Shanghai has completed the expansion of the Laogang Renewable Resource Recycling Center. The incineration power plant is the largest of its kind and capable of processing around 2.7 million tonnes of waste per year.
The upgraded waste-to-energy plant was opened last Friday. It can generate up to 1.5 billion kilowatt hours of power while the slag from the burned waste can be recycled into building materials. Shanghai, the largest city in China with more than 26 million people, generates over 20 000 tonnes of waste every day. This represents about one third of the volume that can be processed at Laogang.
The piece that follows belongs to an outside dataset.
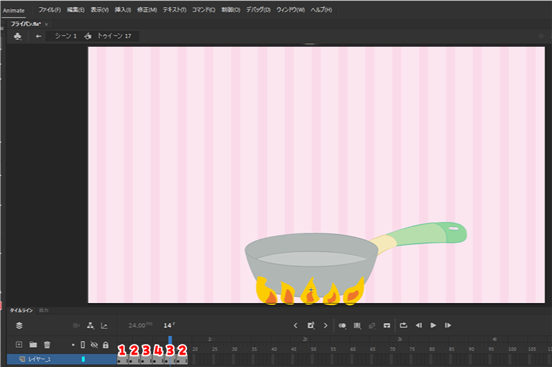 イラストは4つだけど、Adobe Animate(アニメイト)に配置した時に、4番目の炎の後に3番目のイラストを配置して、次に2番目の炎を配置して、繰り返しループする動きにした。

‘If you dump all of the garbage generated by the residents of Shanghai in one day into the Hongkou Football Stadium, it would pile up to a 21-metre-high hill,’ says Wu Yuefeng, chief engineer at the plant. ‘But after treatment, we can reduce this to only 2 per cent of its original weight and 1 per cent of its volume.’
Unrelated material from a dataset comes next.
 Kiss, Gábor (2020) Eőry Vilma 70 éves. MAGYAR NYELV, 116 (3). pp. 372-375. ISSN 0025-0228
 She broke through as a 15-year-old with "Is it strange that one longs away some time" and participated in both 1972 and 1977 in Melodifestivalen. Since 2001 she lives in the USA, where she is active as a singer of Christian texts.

The incineration site is part of the Laogang solid waste complex, which covers 29.5 square kilometres. This makes it the biggest solid waste treatment base in Asia and it has processed over 75 million tonnes of material since it became operational in 1989.
Shanghai authorities have announced plans for more waste treatment facilities in the near future. For example, 41 temporary large-scale garbage storage stations and 8000 waste sorting and recycling stations will be built by 2020.
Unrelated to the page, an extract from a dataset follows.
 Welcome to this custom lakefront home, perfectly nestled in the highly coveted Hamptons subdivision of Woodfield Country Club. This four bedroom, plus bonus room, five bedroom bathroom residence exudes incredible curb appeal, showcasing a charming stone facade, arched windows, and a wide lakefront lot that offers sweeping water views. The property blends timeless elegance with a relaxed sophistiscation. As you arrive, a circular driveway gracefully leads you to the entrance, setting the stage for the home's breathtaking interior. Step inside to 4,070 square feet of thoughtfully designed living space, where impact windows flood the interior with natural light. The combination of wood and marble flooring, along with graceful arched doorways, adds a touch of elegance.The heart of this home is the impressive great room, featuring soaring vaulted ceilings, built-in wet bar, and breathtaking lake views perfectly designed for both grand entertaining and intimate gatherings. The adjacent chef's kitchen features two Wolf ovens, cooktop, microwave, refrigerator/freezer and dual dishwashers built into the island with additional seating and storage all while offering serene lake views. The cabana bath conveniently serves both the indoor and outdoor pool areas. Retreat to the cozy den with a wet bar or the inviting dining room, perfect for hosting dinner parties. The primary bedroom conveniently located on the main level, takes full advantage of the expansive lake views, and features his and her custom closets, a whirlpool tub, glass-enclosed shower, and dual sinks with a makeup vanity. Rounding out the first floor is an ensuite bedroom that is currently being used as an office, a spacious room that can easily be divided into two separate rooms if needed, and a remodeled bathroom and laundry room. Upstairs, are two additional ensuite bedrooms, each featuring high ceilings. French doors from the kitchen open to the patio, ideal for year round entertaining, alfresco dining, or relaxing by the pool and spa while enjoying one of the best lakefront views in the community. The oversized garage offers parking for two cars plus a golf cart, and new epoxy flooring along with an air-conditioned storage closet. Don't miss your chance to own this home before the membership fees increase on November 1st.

Also, starting 1 July, residents must sort their trash according to ‘wet’, ‘dry’, ‘recyclable’, or ‘hazardous’ labels on new bins. Over the last few days, however, people have struggled with the mandatory system. The government has created an app to handle inquiries. It has also hired 1700 sorting instructors and conducted 13 000 training sessions to help citizens recycle.
China aims to take the waste sorting scheme nation-wide by 2025.